I look around the office. There is
no computer, no printer, no copier, just a battery of grey filing cabinets, a
burled-wood desk right out of a 50s Sears Catalogue, and another relic from the
distant past: a small portable TV
sitting on top of a VCR. “I don’t see a computer,” I say.
“I thought you’d like to use your
own,” Otis says.
“You mean you want me to work from
home?” That would solve the problem of commuting. The area looks like the kind
of ‘hood, where you can’t leave a car unattended without someone scraping a key
across the door panel or punching out a window and rifling through your glove
compartment.
“I guess you could take the files
home -- as long as we make copies first,” Otis says. “That’s my worry, you see.
That’s why I want them digitized, to protect them against loss or damage --
fire, break-in, vandalism, that sort of thing. I want them preserved in
electronic form, arranged in a systematic manner, searchable – you can do that
for me, right?”
“Are you saying I’m hired?”
“You look like the right person for the job.
It’s yours if you want it.” Otis looks t me with a sniffling kind of
eagerness.
“Thanks,” I say, but I feel no
satisfaction. It’s a sell-out, Angela, and you know it is. You are swapping valuable
creative time for a menial job. Well, yes, I don’t like the prospect of
working for Otis, or working at anything other than my screenplay. It’s still in the gestating phase. It doesn’t
have a story line as yet, but I have a theme, and it’s urgent to get on with
it. I want to write the internal niggling voice out of my life, uproot it, wrench
it from my gut and exile it to the printed page, get rid of the scruples
plaguing me at every step and transfer them to a script. I need to put together
a cast of characters who will take the load off my shoulders. I totally believe in the redemptive quality
of creative writing. I was going to spend the summer working on the script, but
that was before Spence maxed out my credit card and totalled my car...
“Those people awaiting reanimation,” I say,
“where are they?"
“Right here.” Otis points to the
floor, as if the corpses were tucked away underneath. “I’ll give you a tour of
the Institute.”
We walk from his office, down the corridor,
to a gray metal door which opens into a hall with quivering fluorescent ceiling
lights. It looks like a machine shop.
There’s an old assembly line running along one wall. On the other side
are rows of tall, stainless steel cylinders. They give off the humming sound of
refrigerators.
“You drain the bodily fluids and pump eight
litres of ethylene glycol into the arteries,” Otis explains. “Then the bodies
are stored upside down, suspended in liquid nitrogen at minus 320 F.” He points
at the tanks. “Each of these holds six people.”
What! Strangers strung up together like
pieces of meat? Without any privacy?
“You
store them naked?” I blurt out.
“No, in sleeping bags. Microtex. From
Walmart.”
“And
those?” I point to the square chests that look like domestic freezers.
“Those are for pets. I draw the line at
neuros – severed heads, you know. Some people argue that’s all you need to
preserve -- the head, that’s where your personality resides. I see no merit in
that argument. Severing the head is an indignity to the body of the departed.

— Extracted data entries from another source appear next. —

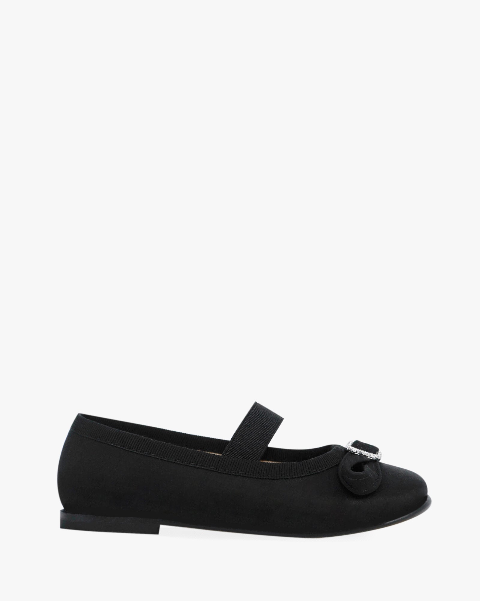 The Andrea Wazen AMIRA MINI BALLERINA for kids is crafted from luxurious satin and features the brand’s signature bow on the upper, accented with a sparkling crystal buckle in the center. Elegant and playful, these charming ballerinas are perfect for special occasions and stylish little feet.
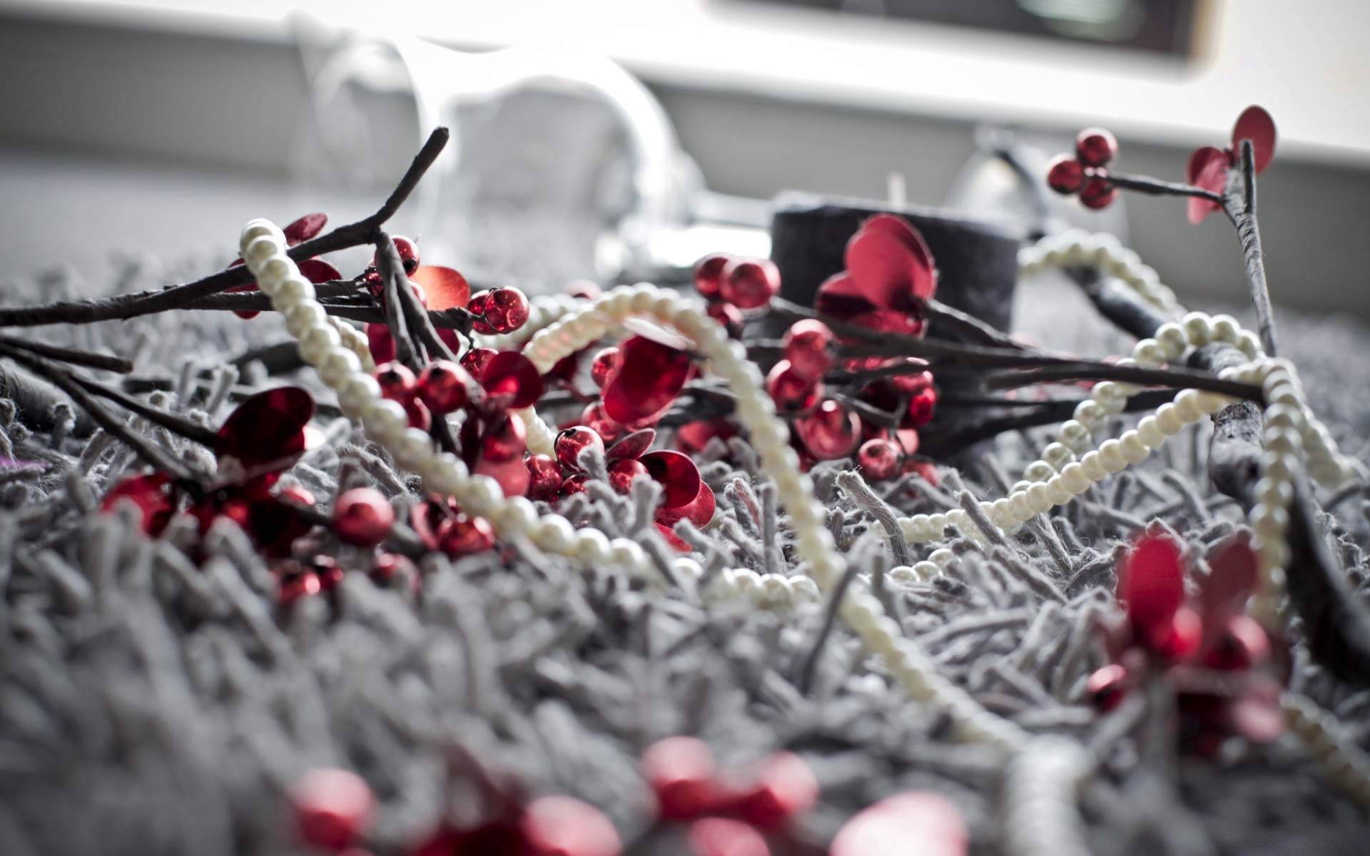 Cuentas en el alféizar de la ventana de color rojo y blanco en macro
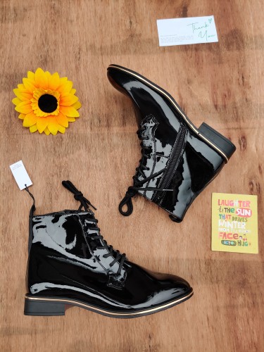 ANNA FIELD BLACK PATENT LACE-UP ANKLE BOOT
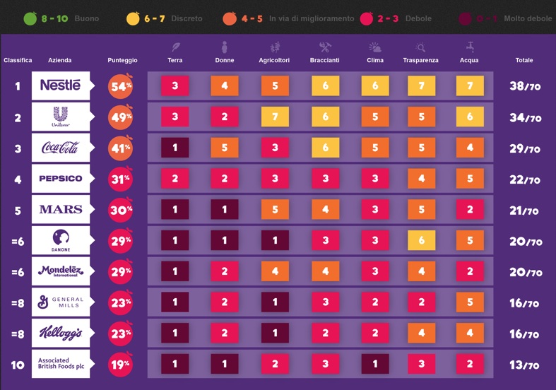 “Scopri il marchio”. Nell’alveo della campagna “COLTIVA – il cibo, la vita, il pianeta” il rapporto di Oxfam classifica le politiche adottate dai 10 primi gruppi industriali del settore alimentare, in relazione a 7 temi:
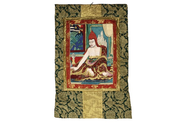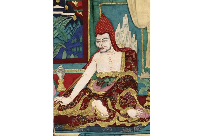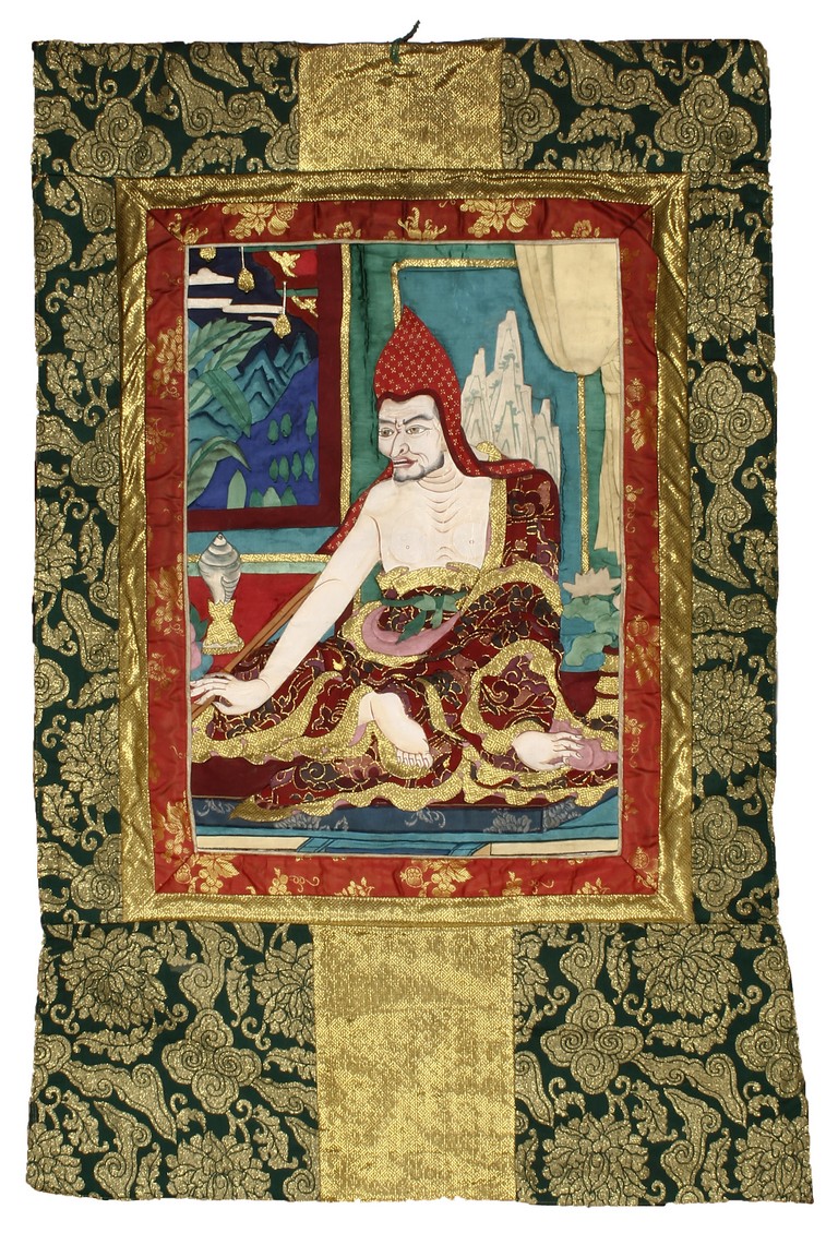 This Thangka depicts the Tsongkhapa sitting on a navy blue carpet, in peacock blue painted room, with paintings hanging on the wall. He is wearing a ornate embroidery red rob reveals his right shoulder.

In a hundred years from now, when scientists reanimate you, they can provide
brand new bodies if needed. Or else
they’ll be able to cure the old body of senescence. They’ll take care of the
wrinkles, the impotence, the damaged kidneys, the hair loss – the whole shebang
of imperfections, when they reanimate you.”
Otis speaks with the fervour of a believer.
The light of devotion shines in his eyes. I keep my mouth shut and bitterly
despise myself for remaining silent and engaging in situation ethics for the
sake of a job instead of challenging his assumptions. That’s so like you, Angela. You have no guts. I twitch my shoulders
to shake off the psychic despotism of the inner voice.